Iranian constitutionalist commander (1871–1909)

Hoseyn Khan Baghban, (حسین خان باغبان; 1871 – 1909) also known as Karbalaʾi Hoseyn Khan Eloğlu or Garib Hoseyn was a principal commander of the constitutionalist forces in Tabriz during the Iranian Constitutional Revolution and one of the key defenders of the city during the Tabriz uprising.

== Life ==
Hoseyn was born in 1871 in the village of Sardrud near Tabriz, into the family of Karbalaʾi Mohammad Ali. Together with his younger brother Hasan, he engaged in agricultural work. He later moved to the city of Tabriz and settled in the Leilaabad district. During the initial phase of the Constitutional movement in Iran, he worked as a gardener at the house of the renowned constitutionalist merchant Mirza Aqa Farshchi. Although little is known about this period of his life, it is presumed that he was influenced by the worldview of Mirza Aqa Farshchi. Subsequently, he joined the ranks of the Sarfaraz Lutis of Tabriz and, during the uprising and the prolonged siege of the city, was appointed commander of the constitutionalist fighters from Leilaabad.
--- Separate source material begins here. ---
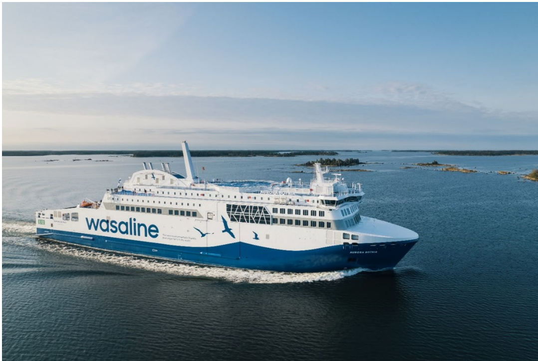
Aurora Botnias jungfruresa
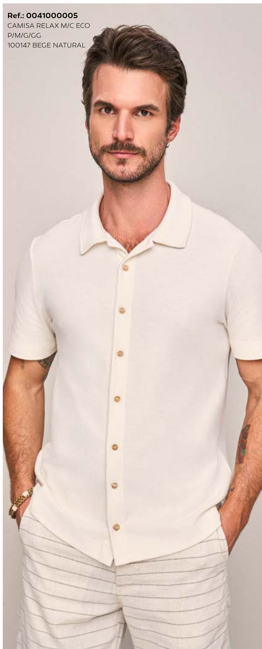
Ref.: 0041000005 CAMISA RELAX M/C ECO P/M/G/GG 100147 BEGE NATURAL

A close associate of Sattar Khan, Hoseyn Khan was entrusted by him with the protection of the National Association of Azerbaijan and the Tabriz Bazaar—both of which were strategically crucial for the political and economic continuity of the uprising.

Ahmad Kasravi, in his seminal work The History of the Iranian Constitutional Revolution, reports that he once saw Hoseyn Khan Baghban with his fighters passing through the Hokmavar district of Tabriz. Kasravi notes that Hoseyn Khan habitually carried nine bullets and, when asked about it, would reply, "Do you think I’m going to kill more than nine people?".

=== Death ===
During the Tabriz uprising, some neighborhoods of the city were controlled by constitutionalists, while others remained under the control of anti-constitutionalist forces loyal to Mohammad Ali Shah Qajar. At this stage, Sattar Khan launched a series of military operations to capture the entire city. On 10 October 1908, constitutionalist forces seized the Sheshgelan and Baghmisheh quarters and began operations to take control of the Davachi district. Following these actions, on 11 October and afterward, they also captured the Sar Khāb and Davachi districts. Eventually, Prince Abdol Majid Mirza abandoned the city to the constitutionalists and retreated to Basmancheh. Hoseyn Khan Baghban was killed during these battles.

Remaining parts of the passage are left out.